■ Your goal ■
Below are records to be copied exactly; their pictures are to be omitted.

Records from a collection
^^^^^^^^
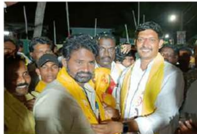
పెదన (చైతన్యరథం): వైసీపీ అధినేత జగన్మోహన్ రెడ్డి తిసుకుంటున్న ఆసంబద్ధ సిద్ధంలను పుటిరేకిస్తూ పలువురు వైసీపీ నాయకులు, కార్యకర్తలు ఆ పార్టీని వీడి
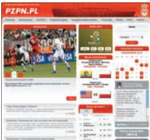
La page d'accueil du nouveau site de la Fédération polonaise.
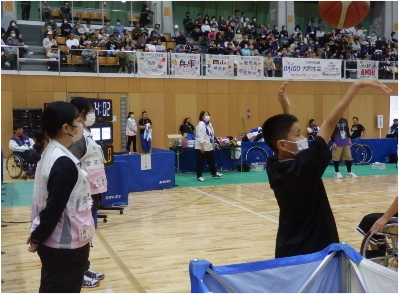
徐々に 試合モード 態勢に
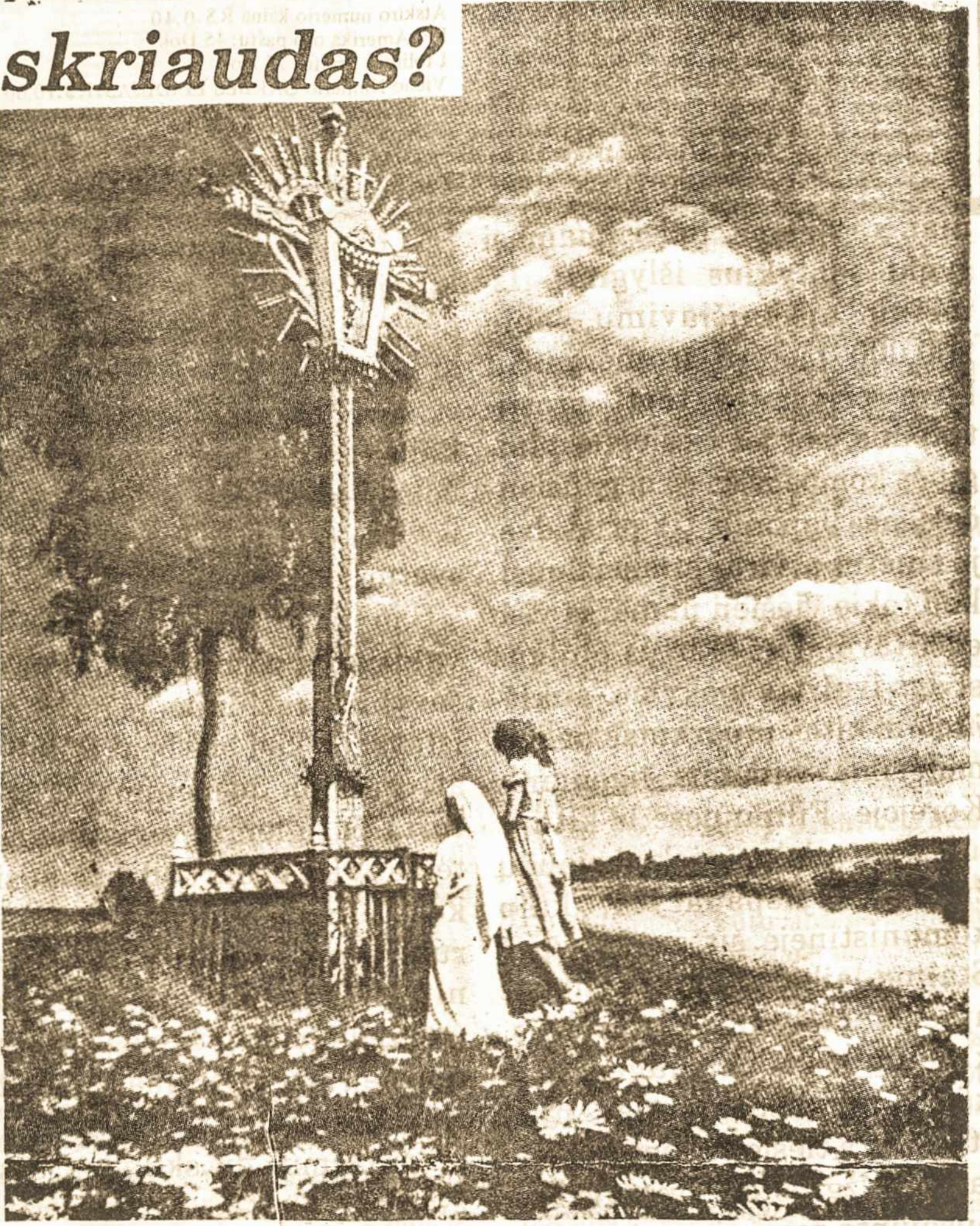
MALDA PRIE KRYŽIAUS

Dažnai priešų ieškoma ne tik už valstybės sienų, bet ir jų ribose. Antrojo pasaulinio karo metu net JAV neišvengė tos klaidos, internavusi japonų kilmės amerikiečius specialiose
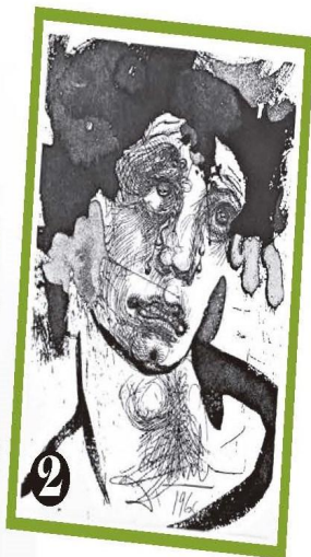
1) Litografía de Joan Miró, parte de La melodía ácida. 2) Grabado de Salvador Dalí que ilustra La vida es sueño, de Calderón de la Barca.

Piezas de ambos maestros se exponen desde hoy en el Centro Cultural de la Universidad de Lima. El ingreso es libre.
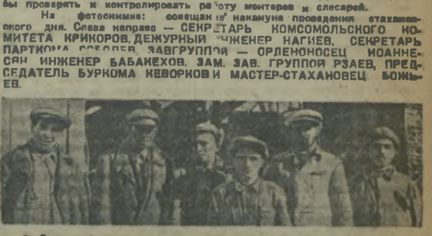
2 Огромный подъем, в котором колл-... работы в шахтах...
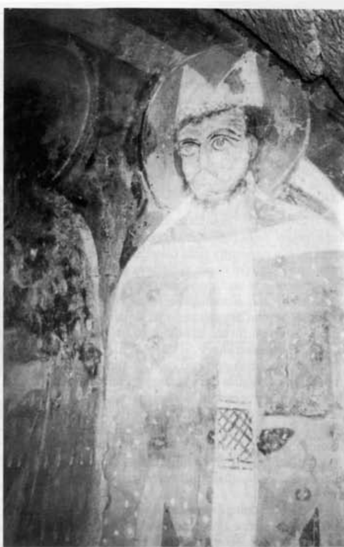
Cattedrale di Civita Castellana - Oratorio del Cuor di Maria S. Tommaso Becket
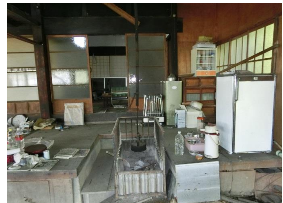
土間からみた小上がり 囲炉裏有り
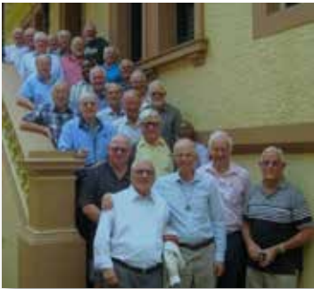
Austrália: Retiro em Adelaide
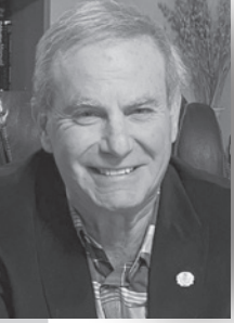
Juge Theodore Tax, Cour provinciale de la Nouvelle-Écosse
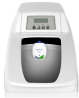
CABINET SOFTENER ABLANDADOR TIPO GABINETE
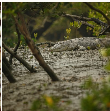
Krokodil in den Sundarbans, Bangladesch
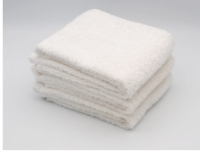
フェイスタオル 5枚 温泉でもらうような薄手のもの 白か淡い色
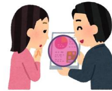
共用のタブレット
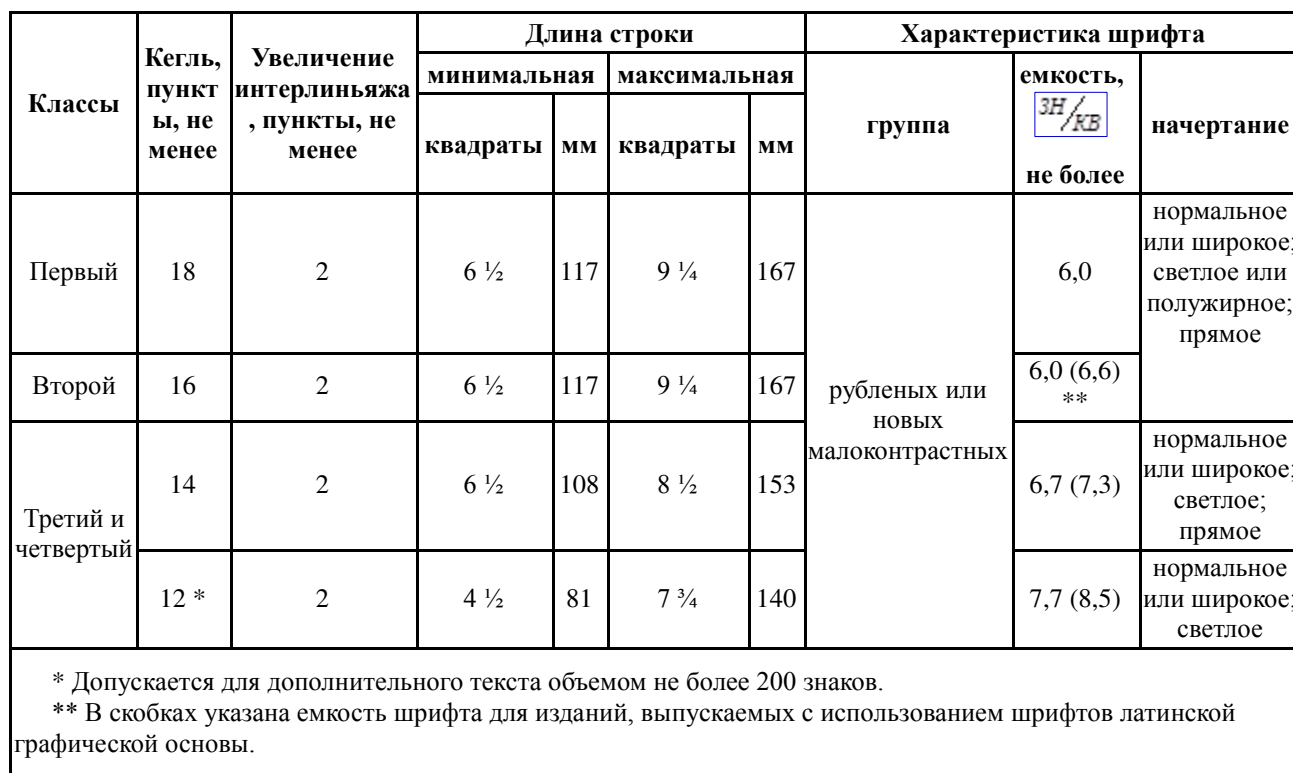
Требования к шрифтовому оформлению текста изданий по гуманитарным дисциплинам для 1 - 4 классов

3.2.2.2. Не допускается двухколонный набор основного и дополнительного текста, кроме стихов.
^^^^^^^^
■ Result of the task ■
పెదన (చైతన్యరథం): వైసీపీ అధినేత జగన్మోహన్ రెడ్డి తిసుకుంటున్న ఆసంబద్ధ సిద్ధంలను పుటిరేకిస్తూ పలువురు వైసీపీ నాయకులు, కార్యకర్తలు ఆ పార్టీని వీడి
La page d'accueil du nouveau site de la Fédération polonaise.
徐々に 試合モード 態勢に
MALDA PRIE KRYŽIAUS

Dažnai priešų ieškoma ne tik už valstybės sienų, bet ir jų ribose. Antrojo pasaulinio karo metu net JAV neišvengė tos klaidos, internavusi japonų kilmės amerikiečius specialiose
1) Litografía de Joan Miró, parte de La melodía ácida. 2) Grabado de Salvador Dalí que ilustra La vida es sueño, de Calderón de la Barca.

Piezas de ambos maestros se exponen desde hoy en el Centro Cultural de la Universidad de Lima. El ingreso es libre.
2 Огромный подъем, в котором колл-... работы в шахтах...
Cattedrale di Civita Castellana - Oratorio del Cuor di Maria S. Tommaso Becket
土間からみた小上がり 囲炉裏有り
Austrália: Retiro em Adelaide
Juge Theodore Tax, Cour provinciale de la Nouvelle-Écosse
CABINET SOFTENER ABLANDADOR TIPO GABINETE
Krokodil in den Sundarbans, Bangladesch
フェイスタオル 5枚 温泉でもらうような薄手のもの 白か淡い色
共用のタブレット
Требования к шрифтовому оформлению текста изданий по гуманитарным дисциплинам для 1 - 4 классов

3.2.2.2. Не допускается двухколонный набор основного и дополнительного текста, кроме стихов.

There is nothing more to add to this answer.